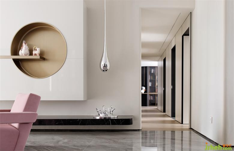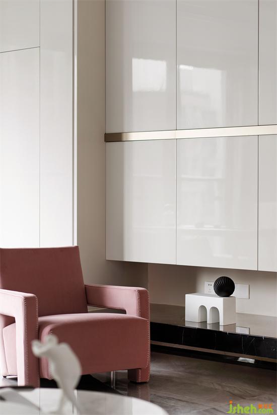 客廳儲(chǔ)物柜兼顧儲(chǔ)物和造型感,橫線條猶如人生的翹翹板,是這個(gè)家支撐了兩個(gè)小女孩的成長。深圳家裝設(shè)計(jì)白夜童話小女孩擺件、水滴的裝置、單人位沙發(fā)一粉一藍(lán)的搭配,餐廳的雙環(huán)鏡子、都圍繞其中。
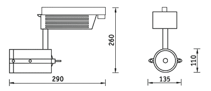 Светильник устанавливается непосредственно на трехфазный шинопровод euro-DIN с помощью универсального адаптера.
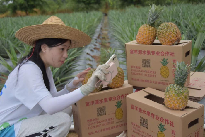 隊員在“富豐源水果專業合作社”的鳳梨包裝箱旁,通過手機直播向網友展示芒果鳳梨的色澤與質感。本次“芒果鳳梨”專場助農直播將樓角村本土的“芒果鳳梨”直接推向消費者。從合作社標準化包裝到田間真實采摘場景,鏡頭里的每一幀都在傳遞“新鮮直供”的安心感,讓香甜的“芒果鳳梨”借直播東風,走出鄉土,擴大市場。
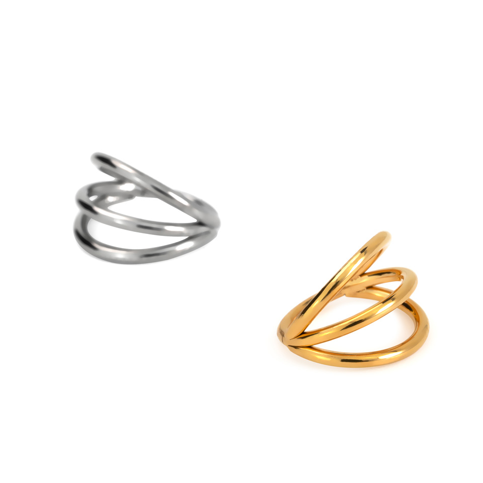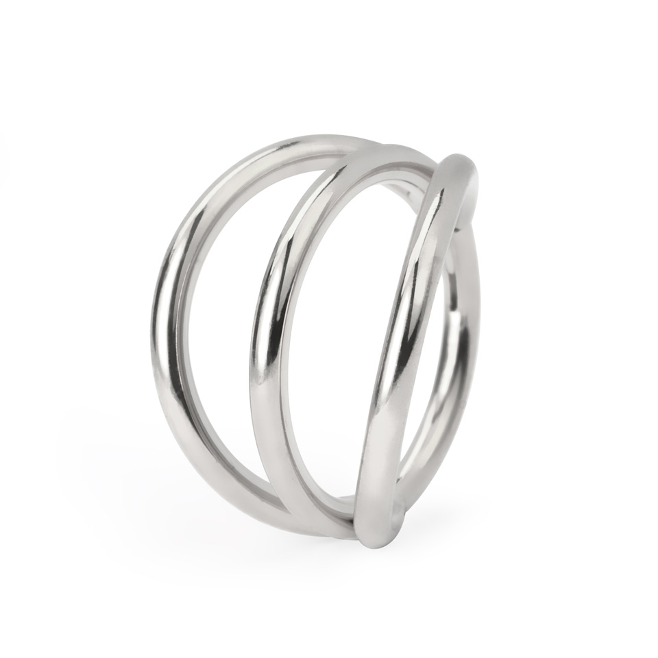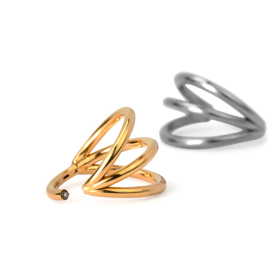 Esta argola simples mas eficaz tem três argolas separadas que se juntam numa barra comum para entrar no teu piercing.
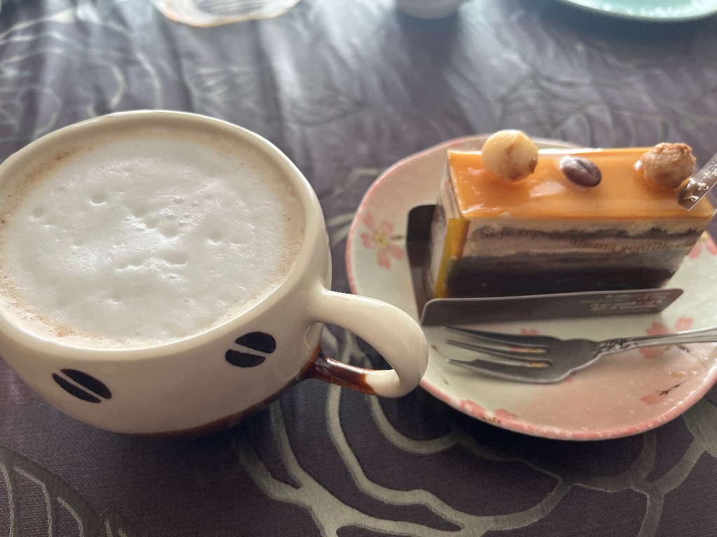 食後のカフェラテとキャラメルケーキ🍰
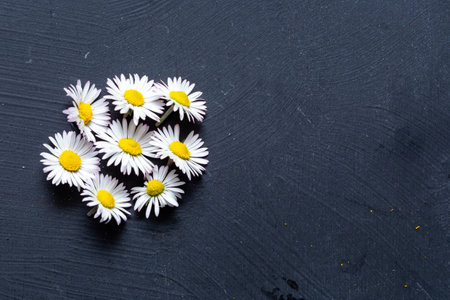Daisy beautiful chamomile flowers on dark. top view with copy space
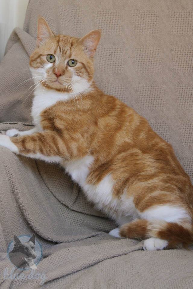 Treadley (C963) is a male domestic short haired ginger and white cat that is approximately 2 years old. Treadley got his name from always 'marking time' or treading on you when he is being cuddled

==

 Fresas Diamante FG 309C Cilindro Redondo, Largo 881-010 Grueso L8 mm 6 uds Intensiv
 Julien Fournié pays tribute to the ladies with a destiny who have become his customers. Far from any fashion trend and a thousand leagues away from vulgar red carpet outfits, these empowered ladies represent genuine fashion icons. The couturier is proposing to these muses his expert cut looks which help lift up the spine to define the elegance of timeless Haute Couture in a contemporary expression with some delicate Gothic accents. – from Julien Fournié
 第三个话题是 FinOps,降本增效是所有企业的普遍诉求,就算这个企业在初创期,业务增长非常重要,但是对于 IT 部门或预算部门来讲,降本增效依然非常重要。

| Work request |
What belongs in the answer is each line above from the line with "客廳儲(chǔ)物柜兼顧儲(chǔ)物和" to the line with "Treadley (C963) is", inclusive, reproduced exactly and free of pictures.

| Answer space |
 客廳儲(chǔ)物柜兼顧儲(chǔ)物和造型感,橫線條猶如人生的翹翹板,是這個(gè)家支撐了兩個(gè)小女孩的成長。深圳家裝設(shè)計(jì)白夜童話小女孩擺件、水滴的裝置、單人位沙發(fā)一粉一藍(lán)的搭配,餐廳的雙環(huán)鏡子、都圍繞其中。
 Светильник устанавливается непосредственно на трехфазный шинопровод euro-DIN с помощью универсального адаптера.
 隊員在“富豐源水果專業合作社”的鳳梨包裝箱旁,通過手機直播向網友展示芒果鳳梨的色澤與質感。本次“芒果鳳梨”專場助農直播將樓角村本土的“芒果鳳梨”直接推向消費者。從合作社標準化包裝到田間真實采摘場景,鏡頭里的每一幀都在傳遞“新鮮直供”的安心感,讓香甜的“芒果鳳梨”借直播東風,走出鄉土,擴大市場。
 Esta argola simples mas eficaz tem três argolas separadas que se juntam numa barra comum para entrar no teu piercing.
 食後のカフェラテとキャラメルケーキ🍰
Daisy beautiful chamomile flowers on dark. top view with copy space
 Treadley (C963) is a male domestic short haired ginger and white cat that is approximately 2 years old. Treadley got his name from always 'marking time' or treading on you when he is being cuddled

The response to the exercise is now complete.